Serica Energy has taken strategic advantage of the downfall of Prax Group, securing a deal to acquire the company’s North Sea assets in a move expected to bolster its standing in the sector. The AIM-listed oil and gas firm announced a $25.6 million agreement to buy Prax Upstream from administrators, following the collapse of the energy group helmed by Winston Soosaipillai, who is now reportedly at large.
The deal sent Serica’s shares soaring almost 15 percent, signalling strong market approval. Prax’s North Sea operations, along with pending acquisitions from TotalEnergies and One Dyas, are included in the transaction, further strengthening Serica’s asset base and signalling confidence in its future growth. According to Serica’s chief financial officer Martin Copeland, the company was able to navigate Prax’s financial turmoil—attributable in large part to the operational and cost pressures on UK refineries—and secure a highly favourable position.
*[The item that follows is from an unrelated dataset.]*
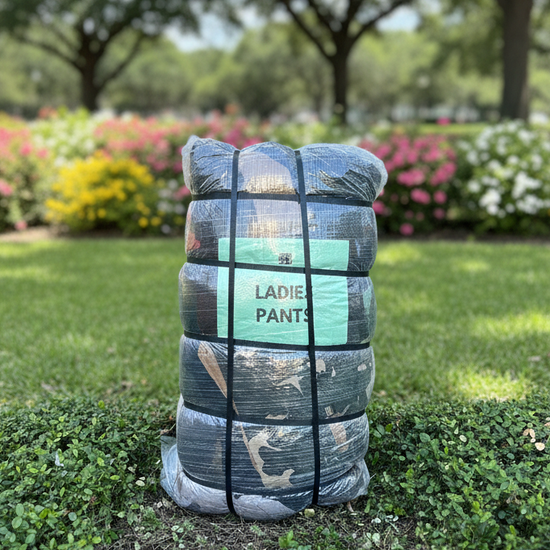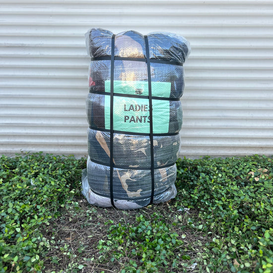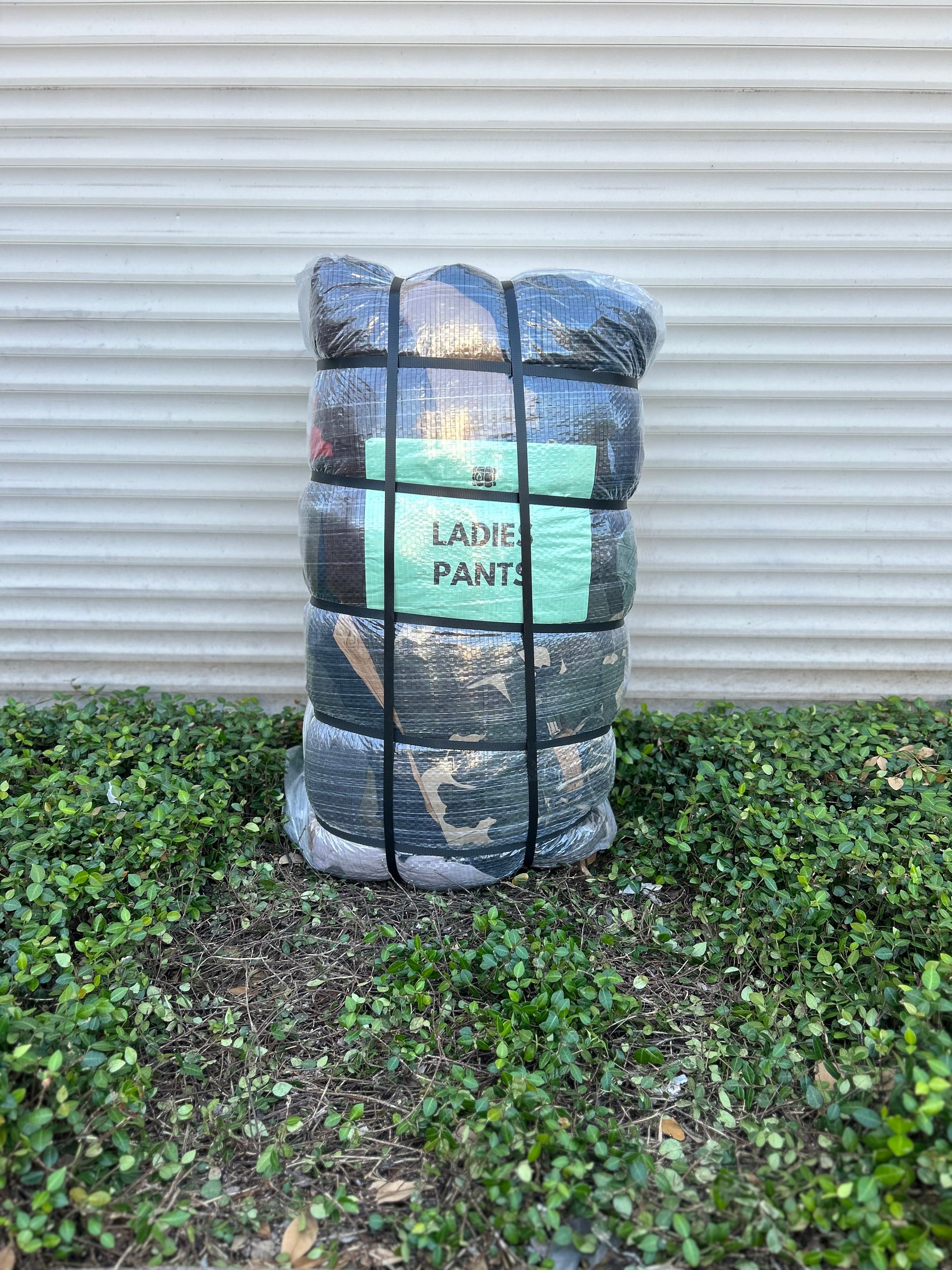 Paca de 100 lbs con pantalones de mujer en tallas y estilos variados.

Copeland highlighted that Prax’s North Sea business was run independently by experienced operators who will now transfer to Serica, ensuring operational continuity and sector expertise.
As part of this acquisition, Serica will take over a 40 percent operated interest in the Greater Laggan Area, 10 percent in the Catcher Field, and 5.21 percent in the Golden Eagle Area Development. The Greater Laggan Area also includes the operation of the Shetland Gas plant, the newest onshore gas processing facility in the UK. Serica’s chief executive Chris Cox emphasised the efficient operation of the Lancaster field—acquired by Prax through its purchase of Hurricane Energy in 2023—as further evidence of the value presented by this transaction.
Prax’s collapse has also had a significant human cost. The Lindsey refinery in North Lincolnshire—one of only five large refineries left in Britain—ceased operations following insolvency at the end of June. Administrators announced that 125 of the site’s 380 employees would be made redundant by the end of October. The official receiver and administrators are continuing efforts to prioritise health and safety at the site while exploring options for its sale. The trade union Unite claims there are at least two interested buyers, with uncertainty remaining over whether the refinery will resume operations or be mothballed for storage use.
Winston Soosaipillai, who built Prax alongside his wife Arani from a single petrol station in 1999, leaves behind a company investigated by the Insolvency Service for conduct and creditor obligations. Teneo, handling administration for Prax’s parent company State Oil, is overseeing the ongoing divestment of ancillary subsidiaries. The acquisition positions Serica to expand its North Sea footprint at a pivotal moment in the UK’s energy market, underscoring both the volatility and opportunity present in the sector.